Use of dynamical downscaling to improve the simulation of Central U.S. warm season precipitation in CMIP5 models



[1] Despite supporting exceptionally productive agricultural lands, the Central U.S. is susceptible to severe droughts and floods. Such precipitation extremes are expected to worsen with climate change. However, future projections are highly uncertain as global climate models (GCMs) generally fail to resolve precipitation extremes. In this study, we assess how well models from the Coupled Model Intercomparison Project Phase 5 (CMIP5) simulate summer means, variability, extremes, and the diurnal cycle of Central U.S. summer rainfall.
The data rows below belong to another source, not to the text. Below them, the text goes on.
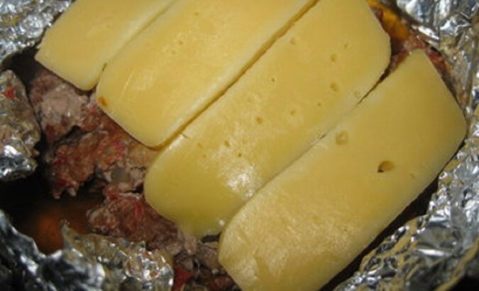 6. Po upływie określonego czasu pieczenia wyjmij mięso z piekarnika. Następnie rozłóż plasterki sera tworząc górną warstwę i ponownie włóż mięso do piekarnika na kolejne 5 minut. Można też urozmaicić przepis, dodając ulubione przyprawy, warzywa lub orzechy.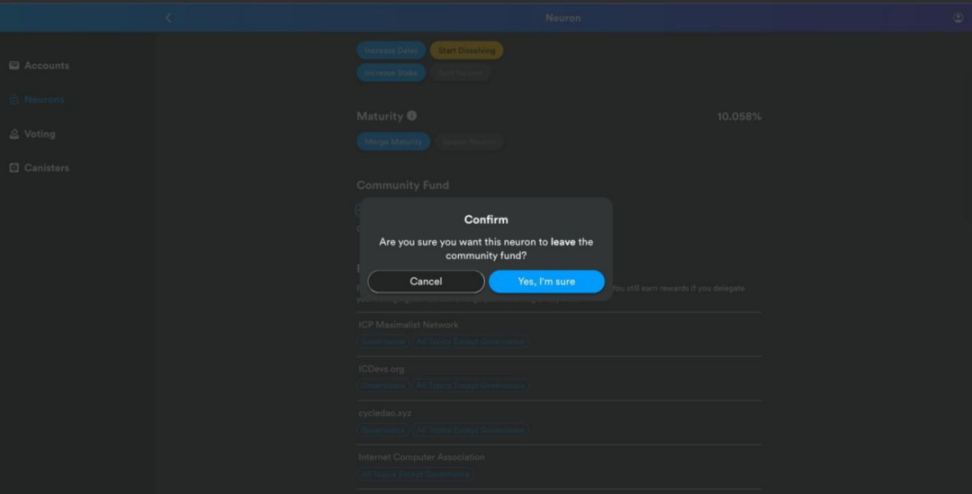 在 NNS 前端 Dapp 中,有一个社区基金 /Community Fund 功能(还未正式上线),在正式版上线后,神经元持有者可以通过该按钮计入社区基金,并将投票利息投资生态项目。在此次功能更新后,此前误加入社区基金的神经元小伙伴们可以自由退出了,在正式版功能上线前都能退出。
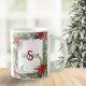 Mantente acogedor y disfruta de tus bebidas calientes con esta taza decorativa de Navidades, personalizada con un nombre y inicial como un elegante monograma. El monograma se encuentra a ambos lados de la taza., rodeado por un hermoso borde de vegetación invernal y flores rojas de poinsettia. La taza de bonito también cuenta con un muñeco de nieve con forma de acuarela, frente a la manija de la taza. Lleno de encanto festivo y botánico, la taza es un regalo ideal y un chapuzón para los amantes del té, el café o el chocolate caliente.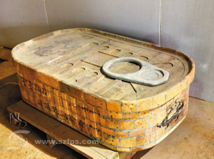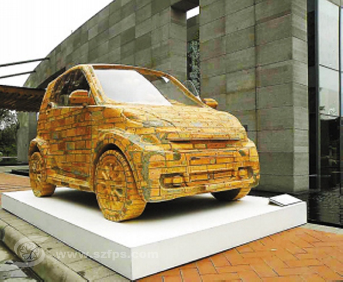 砖做的罐头、砖做的沙发、砖做的汽车、砖做的酒瓶……生活中林林总总的物件,在戴耘这里,都成了红砖青砖制品。而这些给雕塑界带来惊叹的作品,就出自这间简陋的厂房。

Output from a subset of historical CMIP5 simulations are used to drive the Weather Research and Forecasting model to determine whether dynamical downscaling improves the representation of Central U.S. rainfall. We investigate which boundary conditions influence dynamically downscaled precipitation estimates and identify GCMs that can reasonably simulate precipitation when downscaled. The CMIP5 models simulate the seasonal mean and variability of summer rainfall reasonably well but fail to resolve extremes, the diurnal cycle, and the dynamic forcing of precipitation. Downscaling to 30 km improves these characteristics of precipitation, with the greatest improvement in the representation of extremes. Additionally, sizeable diurnal cycle improvements occur with higher (10 km) resolution and convective parameterization disabled, as the daily rainfall peak shifts 4 h closer to observations than 30 km resolution simulations. This lends greater confidence that the mechanisms responsible for producing rainfall are better simulated. Because dynamical downscaling can more accurately simulate these aspects of Central U.S. summer rainfall, policymakers can have added confidence in dynamically downscaled rainfall projections, allowing for more targeted adaptation and mitigation.